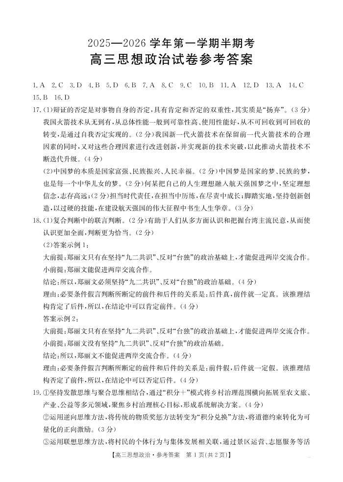 福建省2025-2026学年第一学期半期考 政治答案.pdf
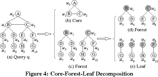 - 将查询图上的点分成三种:核心点(Core)、森林点(Forest)和叶子点(Leaf)
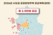 [아시아통신] 국토교통부와 4개 공공기관은 ’26년 수도권 공공택지에서 총 2.9만호 규모의 공공분양주택을 순차적으로 공급할 계획이라고 밝혔다. 이번 공급 물량은 새정부 「주택공급 확대방안」(9·7대책)에서 발표한 수치(2.7만호) 대비 약 2천호 증가한 규모로, 판교(2.9만호)급 신도시를 하나 새로 조성한 것에 준하는 수준이다. 특히, 4개 공공기관의 올해 분양 물량(2.2만호)보다 32.2% 증가했고, 최근 5년간 평균 수도권 분양 물량(1.2만호)의 약 2.3배 수준으로, 공공 부문의 착공 확대 노력의 성과가 가시화되며, 공급 확대 국면으로 전환되고 있음을 보여준다. 내년에 분양될 단지들을 살펴보면, 지역별로는 △서울 1.3천호, △인천 3.6천호, △경기 23.8천호로 분포되어 있고, 주요 지구별로는 △3기 신도시 7.5천호, △2기 신도시 7.9천호, △기타 중소택지 13.2천호의 공공주택이 분양될 예정이다. 3기 신도시에서는 △고양창릉(3,881호), △남양주왕숙(1,868호), △인천계양(1,290호), 2기 신도시에서는 △광교(600호), △평택고덕(5,134호), △화성동탄2(4
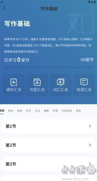 4、寫作基礎(chǔ)模塊提供語(yǔ)法、句型等學(xué)習(xí)內(nèi)容,適合基礎(chǔ)較弱的用戶。

════

ACTIVITY —
Retype the listing above exactly, pictures excluded.

THE COMPLETED TASK —
 福建省2025-2026学年第一学期半期考 政治答案.pdf
 - 将查询图上的点分成三种:核心点(Core)、森林点(Forest)和叶子点(Leaf)
 [아시아통신] 국토교통부와 4개 공공기관은 ’26년 수도권 공공택지에서 총 2.9만호 규모의 공공분양주택을 순차적으로 공급할 계획이라고 밝혔다. 이번 공급 물량은 새정부 「주택공급 확대방안」(9·7대책)에서 발표한 수치(2.7만호) 대비 약 2천호 증가한 규모로, 판교(2.9만호)급 신도시를 하나 새로 조성한 것에 준하는 수준이다. 특히, 4개 공공기관의 올해 분양 물량(2.2만호)보다 32.2% 증가했고, 최근 5년간 평균 수도권 분양 물량(1.2만호)의 약 2.3배 수준으로, 공공 부문의 착공 확대 노력의 성과가 가시화되며, 공급 확대 국면으로 전환되고 있음을 보여준다. 내년에 분양될 단지들을 살펴보면, 지역별로는 △서울 1.3천호, △인천 3.6천호, △경기 23.8천호로 분포되어 있고, 주요 지구별로는 △3기 신도시 7.5천호, △2기 신도시 7.9천호, △기타 중소택지 13.2천호의 공공주택이 분양될 예정이다. 3기 신도시에서는 △고양창릉(3,881호), △남양주왕숙(1,868호), △인천계양(1,290호), 2기 신도시에서는 △광교(600호), △평택고덕(5,134호), △화성동탄2(4
 4、寫作基礎(chǔ)模塊提供語(yǔ)法、句型等學(xué)習(xí)內(nèi)容,適合基礎(chǔ)較弱的用戶。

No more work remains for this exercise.